Bringing HIV Prevention to Campus

Tufts Student Health Service staff develop protocol to help other colleges provide HIV prevention with daily medication

person with stethoscope around neck talking with another person in medical setting

Approximately 40,000 new HIV cases are diagnosed every year in the U.S., and many are in adolescents and young adults. HIV specialists are hopeful that the use of daily medication to prevent HIV—a medical treatment known as Pre-exposure Prophylaxis (PrEP for short) will start to bring those numbers down.

In 2012, the first HIV prevention medication was approved by the FDA. In 2014, the U.S. Centers for Disease Control and Prevention (CDC) issued official guidelines for health-care providers for the treatment, but adoption of the guidelines has been slow. Many primary care clinicians, including college health clinicians, have long thought of HIV prevention as something for HIV specialists. But Margaret Higham, medical director of the Tufts Student Health Service, and Ariel Watriss, a sexual health specialist there, took a different approach.
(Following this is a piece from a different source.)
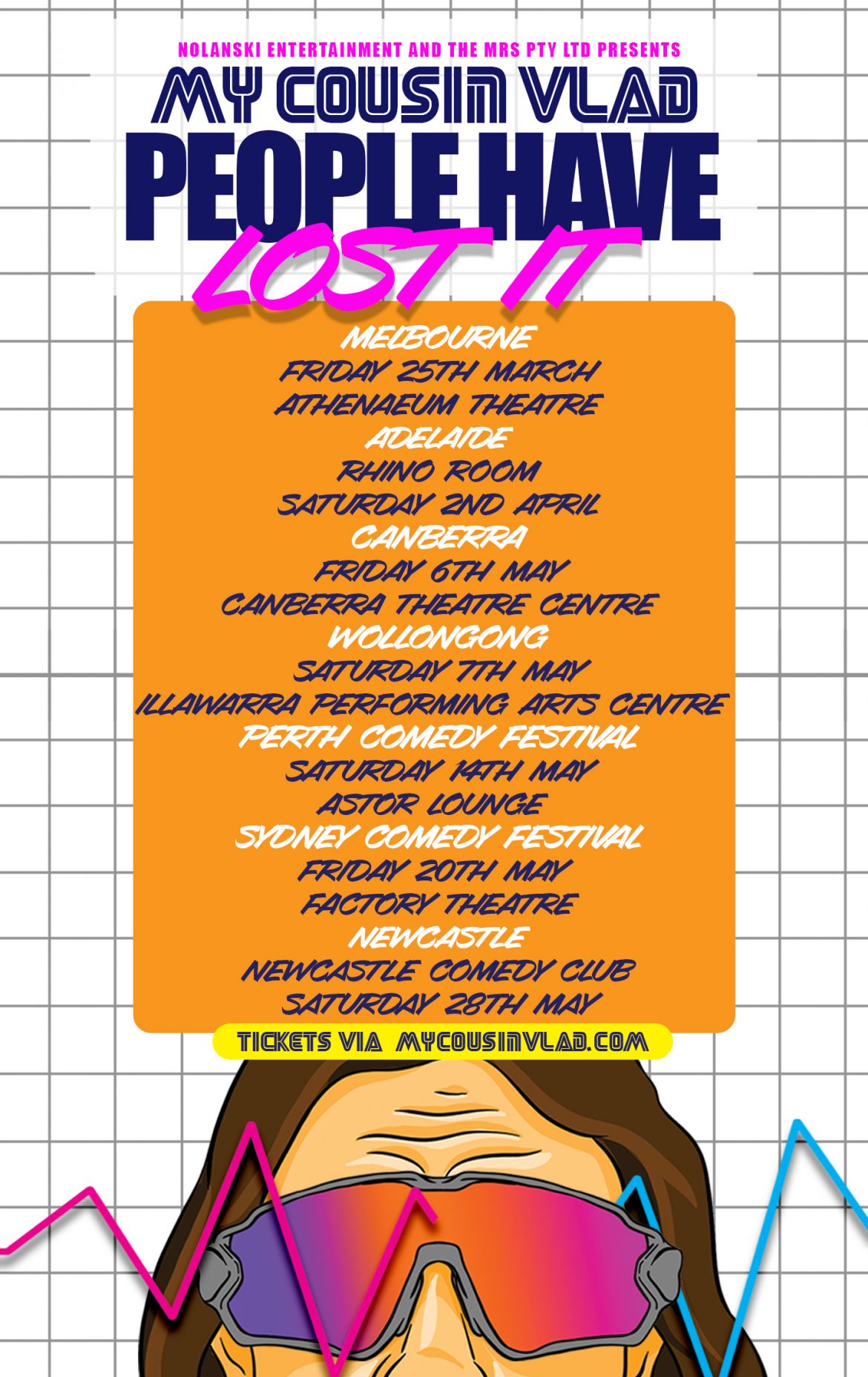 The ‘People Have Lost It’ tour will feature live music, a screen show, and an hour of unpredictable rants and punchlines – My Cousin Vlad hits the core topics of Modern Society, Technology, Wogs (Euros) Vs Aussies, Family and Marriage. His perspective on the most relatable of genres is unique, evocative, and ridiculous. Expect to come in catastropha and leave immaculate.
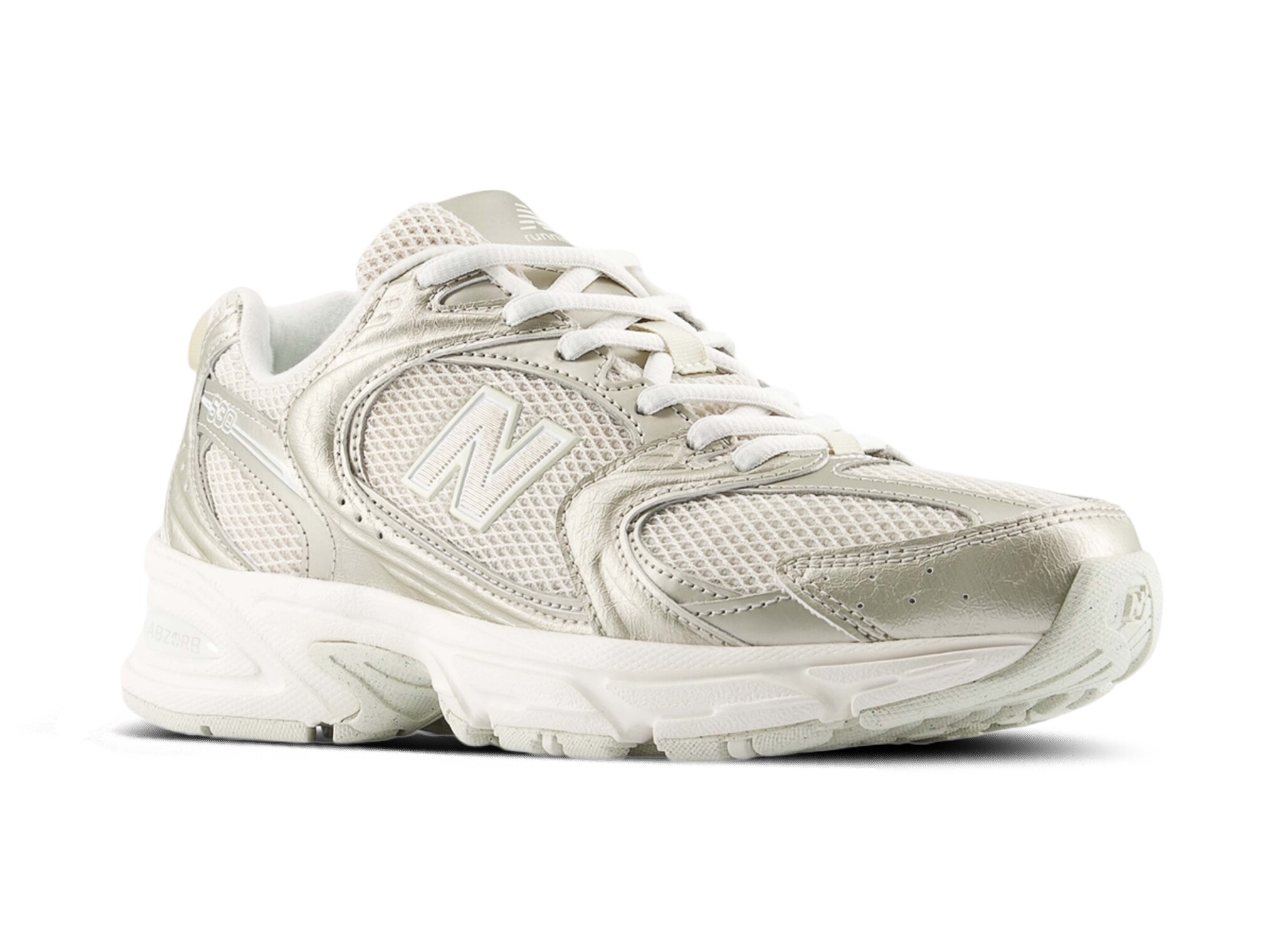 De New Balance U530 in Gold Metallic en Linen combineert een retro hardloopsilhouet met een luxe, metallic finish. Het bovenwerk van suède en mesh zorgt voor comfort en ademend vermogen, terwijl de ENCAP® middenzool stabiele en responsieve demping biedt. De glanzende gouden tinten in combinatie met zachte linnenkleuren geven de sneaker een opvallende, stijlvolle look die perfect past bij casual en streetwear outfits.

Working together over the summer of 2015, Higham and Watriss, who had earlier worked on PrEP research studies, set out to develop guidelines that could be used at Tufts. Together they developed a protocol, trained Tufts’ clinicians in the use of PrEP, and advertised it to the campus community. “Issues of sexual and reproductive health are key priorities for us at Health Service,” Higham said. “It was clear to me that providing PrEP in the college setting was a critical and compelling need.”

She and Watriss gave presentations on the program to others in their field both locally and nationally. Late last year, they published a paper in the Journal of American College Heath, along with Michael Huey of Emory University, articulating why college health services should offer PrEP.

Over the past year, Higham and Watriss worked with other college health colleagues from across the country to develop a position statement and guideline for the use of PrEP in college health centers. The guideline has now been accepted as a best practice by the American College Health Association. The feedback from other college health services “has been really good,” Higham said. Even small colleges, which thought they didn’t have the resources to offer the service, have come around, she added.

“I truly believe this will make a huge difference in reducing HIV in college students, currently one of the populations most at risk,” said Michelle Bowdler, executive director of health and wellness services.